→ TASK DETAILS
Pictures stay out; everything else from the first line of the entries down through the line with "Акард таблетки, вкриті" gets copied exactly.

+ + + +

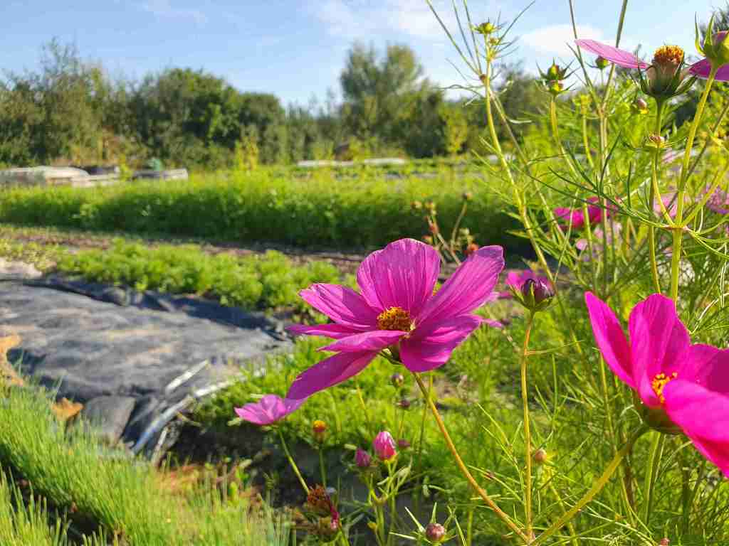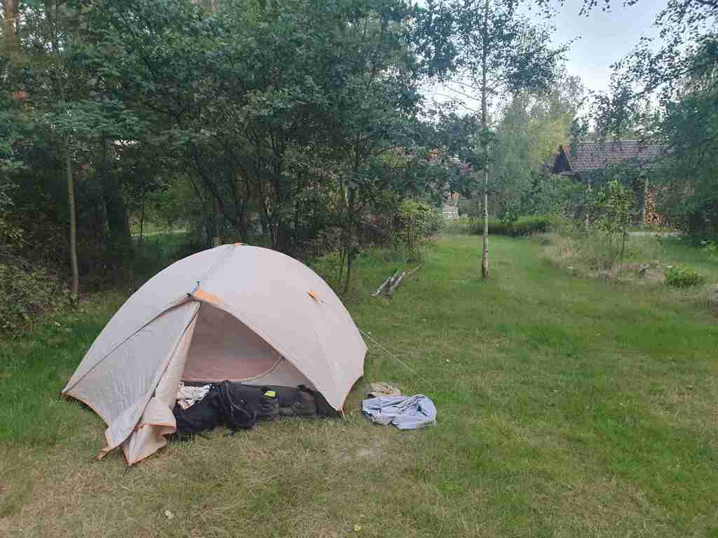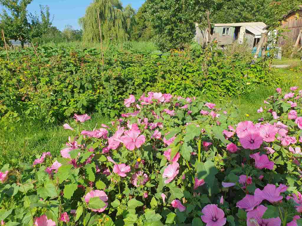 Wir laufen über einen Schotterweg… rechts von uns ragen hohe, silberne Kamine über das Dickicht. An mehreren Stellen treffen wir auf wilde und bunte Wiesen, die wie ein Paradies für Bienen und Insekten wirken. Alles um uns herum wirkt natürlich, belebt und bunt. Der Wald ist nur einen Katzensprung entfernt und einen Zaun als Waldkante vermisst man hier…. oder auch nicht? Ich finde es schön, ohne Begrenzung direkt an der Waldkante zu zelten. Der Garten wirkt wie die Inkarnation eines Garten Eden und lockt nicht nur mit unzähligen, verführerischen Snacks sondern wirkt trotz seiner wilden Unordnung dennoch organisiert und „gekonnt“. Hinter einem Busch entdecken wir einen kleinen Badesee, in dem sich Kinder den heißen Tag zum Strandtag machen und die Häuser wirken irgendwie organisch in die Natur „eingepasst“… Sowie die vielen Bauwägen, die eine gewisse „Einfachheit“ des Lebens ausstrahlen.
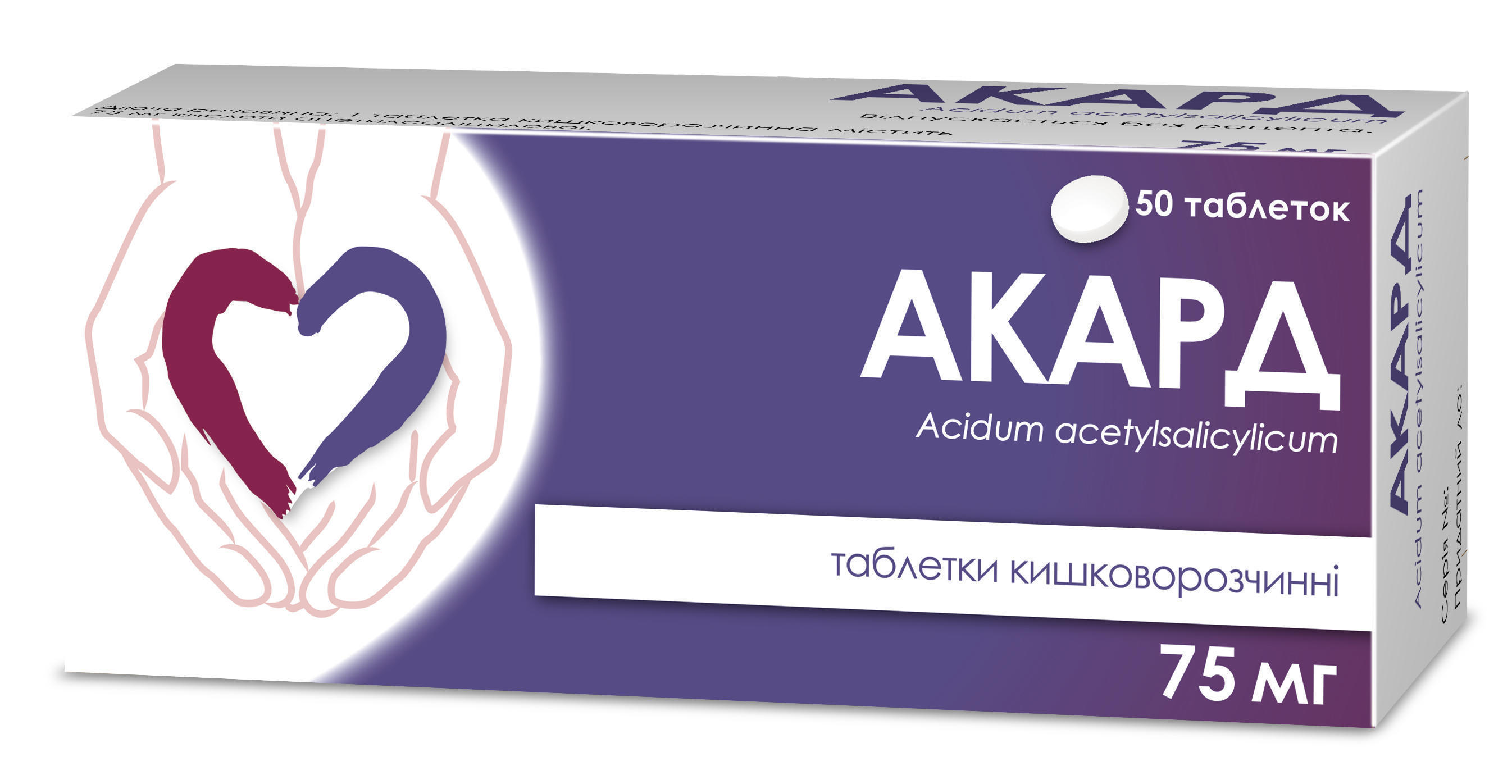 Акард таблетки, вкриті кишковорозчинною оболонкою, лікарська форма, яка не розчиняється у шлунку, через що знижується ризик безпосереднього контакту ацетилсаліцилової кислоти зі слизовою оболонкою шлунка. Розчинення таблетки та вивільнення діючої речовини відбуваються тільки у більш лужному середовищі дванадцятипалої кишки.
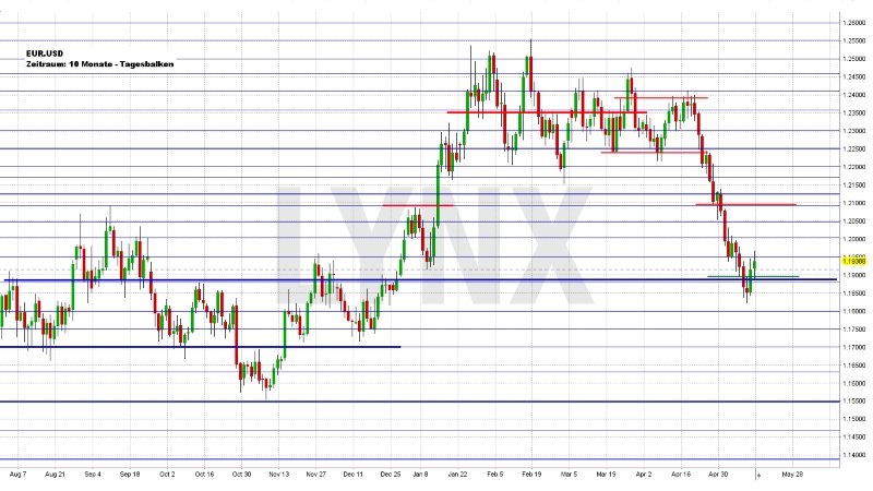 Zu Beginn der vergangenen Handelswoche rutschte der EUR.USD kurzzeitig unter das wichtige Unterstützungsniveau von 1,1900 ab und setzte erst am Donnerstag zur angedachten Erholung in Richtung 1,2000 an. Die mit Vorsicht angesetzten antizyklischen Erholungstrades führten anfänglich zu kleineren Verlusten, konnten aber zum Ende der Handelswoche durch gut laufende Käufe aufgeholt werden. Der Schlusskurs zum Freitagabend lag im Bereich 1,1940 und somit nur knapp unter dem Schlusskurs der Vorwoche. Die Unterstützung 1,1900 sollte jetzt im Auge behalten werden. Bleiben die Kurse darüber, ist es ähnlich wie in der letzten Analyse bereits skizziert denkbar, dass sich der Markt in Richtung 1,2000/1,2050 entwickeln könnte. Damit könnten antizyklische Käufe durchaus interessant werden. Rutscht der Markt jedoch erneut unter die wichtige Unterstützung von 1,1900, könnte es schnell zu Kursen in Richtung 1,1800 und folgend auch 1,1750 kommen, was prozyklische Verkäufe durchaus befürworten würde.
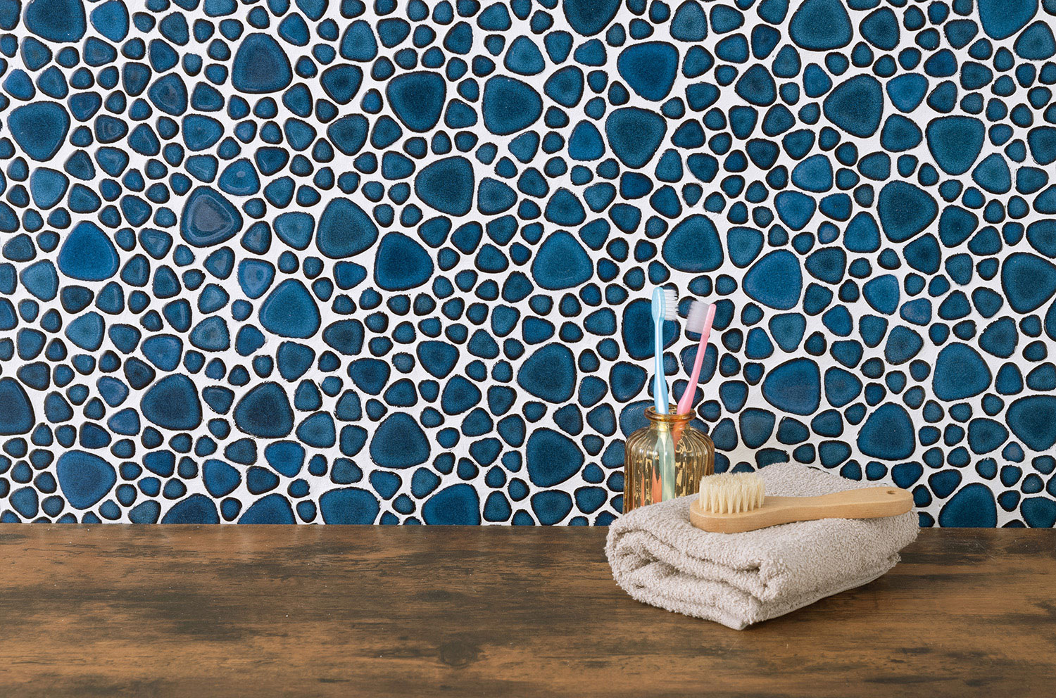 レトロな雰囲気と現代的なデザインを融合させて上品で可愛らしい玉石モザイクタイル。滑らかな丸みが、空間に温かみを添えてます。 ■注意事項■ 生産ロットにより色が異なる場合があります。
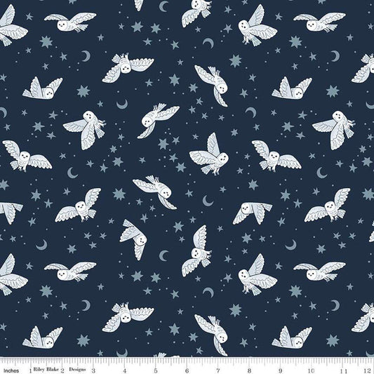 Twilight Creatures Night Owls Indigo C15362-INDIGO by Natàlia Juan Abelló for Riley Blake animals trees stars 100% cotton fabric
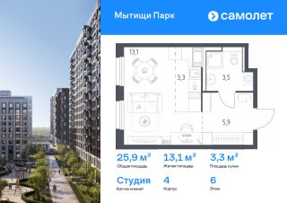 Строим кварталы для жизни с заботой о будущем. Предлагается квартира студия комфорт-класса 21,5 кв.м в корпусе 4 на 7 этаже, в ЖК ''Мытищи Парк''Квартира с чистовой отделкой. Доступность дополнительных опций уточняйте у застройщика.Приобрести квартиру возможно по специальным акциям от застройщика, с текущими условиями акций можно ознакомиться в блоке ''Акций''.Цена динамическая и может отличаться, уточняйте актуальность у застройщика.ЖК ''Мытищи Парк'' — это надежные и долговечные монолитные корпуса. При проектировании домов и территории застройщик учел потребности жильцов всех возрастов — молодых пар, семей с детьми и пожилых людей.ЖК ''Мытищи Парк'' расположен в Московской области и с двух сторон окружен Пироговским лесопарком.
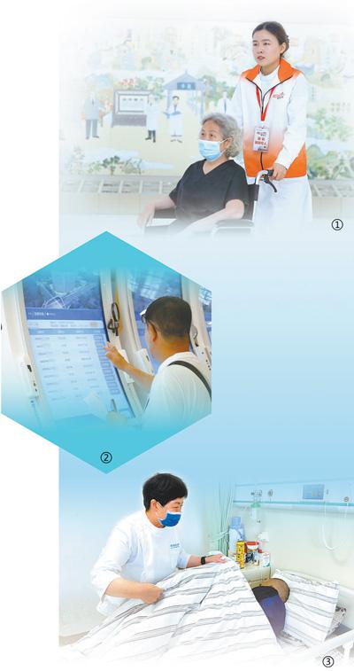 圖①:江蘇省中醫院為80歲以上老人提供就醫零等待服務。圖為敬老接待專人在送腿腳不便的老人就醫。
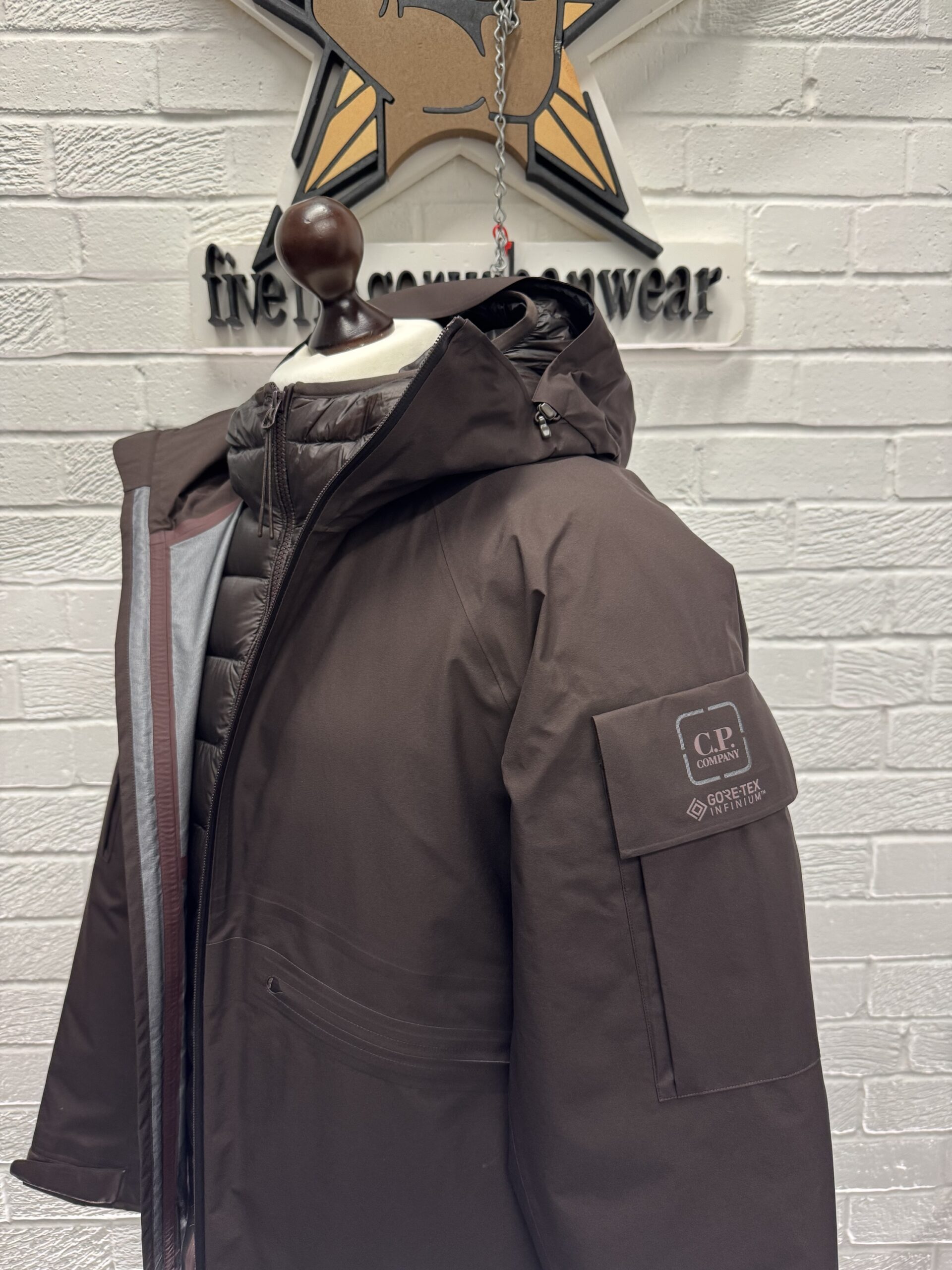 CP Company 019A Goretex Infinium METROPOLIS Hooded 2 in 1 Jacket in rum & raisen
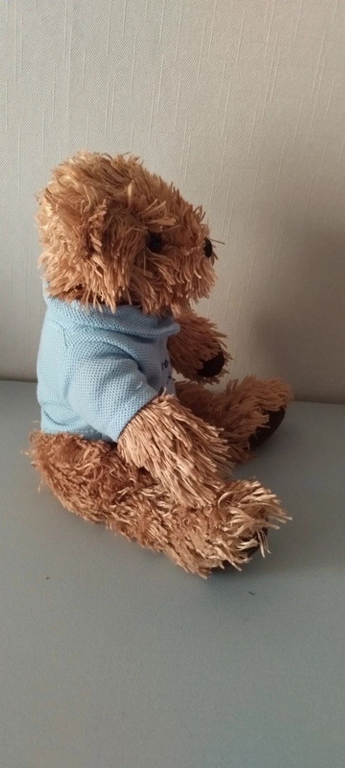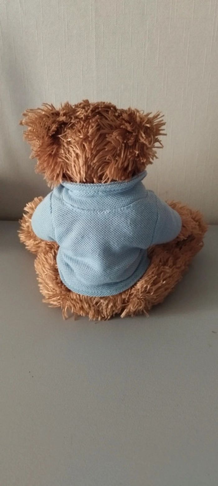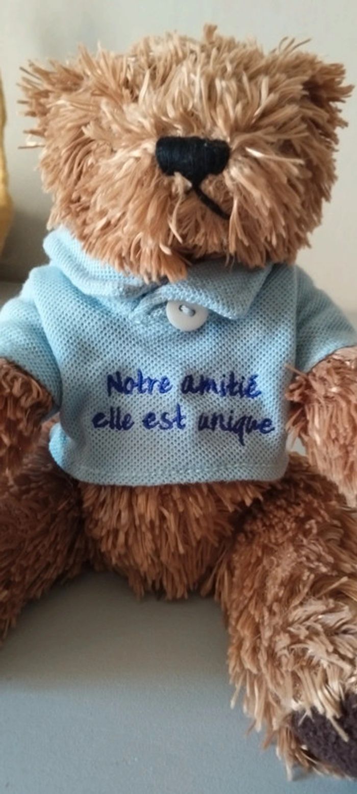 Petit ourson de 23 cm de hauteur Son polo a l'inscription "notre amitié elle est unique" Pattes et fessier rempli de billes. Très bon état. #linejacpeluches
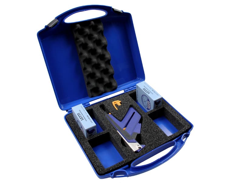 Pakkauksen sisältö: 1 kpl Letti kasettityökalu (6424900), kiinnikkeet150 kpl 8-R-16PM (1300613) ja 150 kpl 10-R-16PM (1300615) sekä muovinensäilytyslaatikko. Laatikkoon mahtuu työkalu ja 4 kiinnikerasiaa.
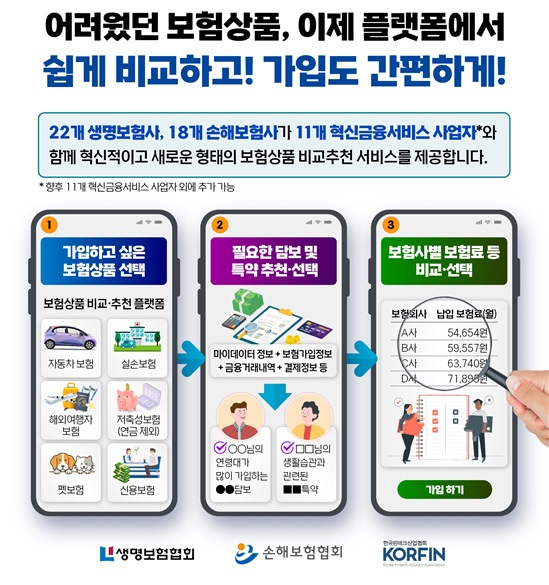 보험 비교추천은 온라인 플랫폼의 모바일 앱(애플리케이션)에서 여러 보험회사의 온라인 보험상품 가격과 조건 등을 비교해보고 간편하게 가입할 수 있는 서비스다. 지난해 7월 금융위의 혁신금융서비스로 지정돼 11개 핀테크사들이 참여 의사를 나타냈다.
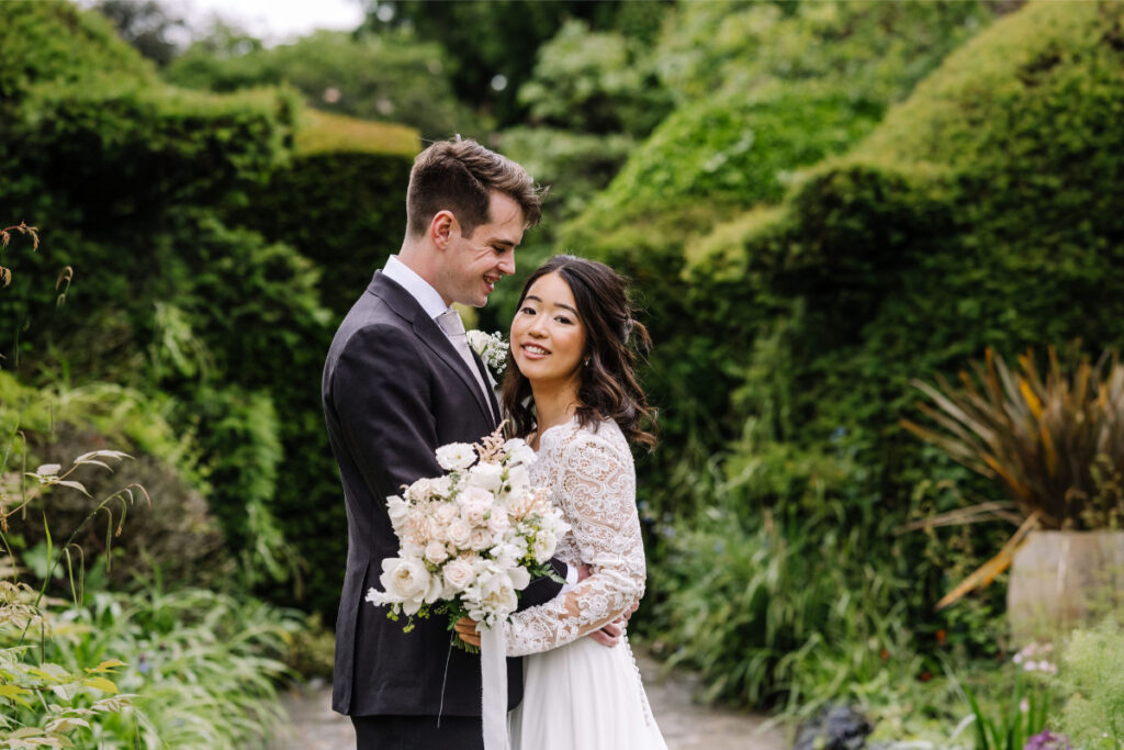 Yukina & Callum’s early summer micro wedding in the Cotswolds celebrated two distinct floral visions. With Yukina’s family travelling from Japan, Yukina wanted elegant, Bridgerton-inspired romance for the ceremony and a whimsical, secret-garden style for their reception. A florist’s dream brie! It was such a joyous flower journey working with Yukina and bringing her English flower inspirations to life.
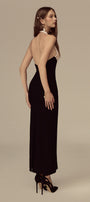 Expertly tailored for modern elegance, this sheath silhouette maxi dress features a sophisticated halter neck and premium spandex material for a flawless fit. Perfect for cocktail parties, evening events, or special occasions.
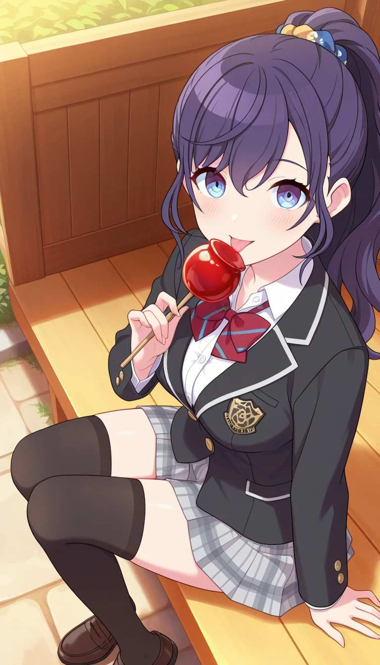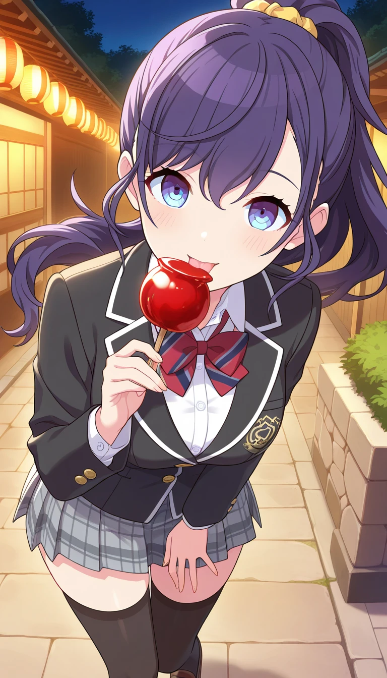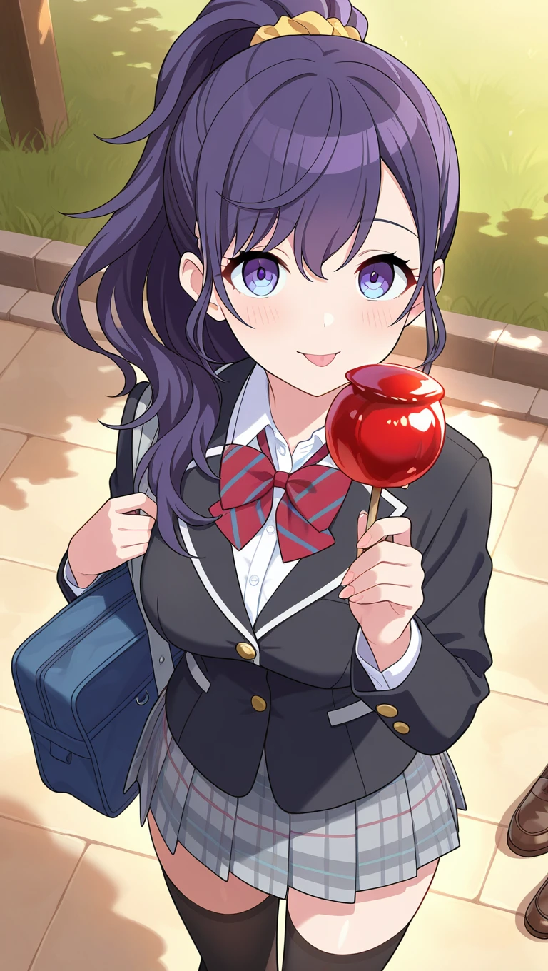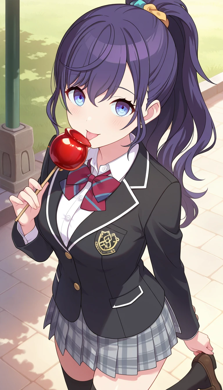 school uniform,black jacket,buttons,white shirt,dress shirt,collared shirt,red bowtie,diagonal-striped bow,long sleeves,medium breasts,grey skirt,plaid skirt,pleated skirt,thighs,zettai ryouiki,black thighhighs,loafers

+ + + +

→ SOLUTION FOR THIS PROBLEM
 Wir laufen über einen Schotterweg… rechts von uns ragen hohe, silberne Kamine über das Dickicht. An mehreren Stellen treffen wir auf wilde und bunte Wiesen, die wie ein Paradies für Bienen und Insekten wirken. Alles um uns herum wirkt natürlich, belebt und bunt. Der Wald ist nur einen Katzensprung entfernt und einen Zaun als Waldkante vermisst man hier…. oder auch nicht? Ich finde es schön, ohne Begrenzung direkt an der Waldkante zu zelten. Der Garten wirkt wie die Inkarnation eines Garten Eden und lockt nicht nur mit unzähligen, verführerischen Snacks sondern wirkt trotz seiner wilden Unordnung dennoch organisiert und „gekonnt“. Hinter einem Busch entdecken wir einen kleinen Badesee, in dem sich Kinder den heißen Tag zum Strandtag machen und die Häuser wirken irgendwie organisch in die Natur „eingepasst“… Sowie die vielen Bauwägen, die eine gewisse „Einfachheit“ des Lebens ausstrahlen.
 Акард таблетки, вкриті кишковорозчинною оболонкою, лікарська форма, яка не розчиняється у шлунку, через що знижується ризик безпосереднього контакту ацетилсаліцилової кислоти зі слизовою оболонкою шлунка. Розчинення таблетки та вивільнення діючої речовини відбуваються тільки у більш лужному середовищі дванадцятипалої кишки.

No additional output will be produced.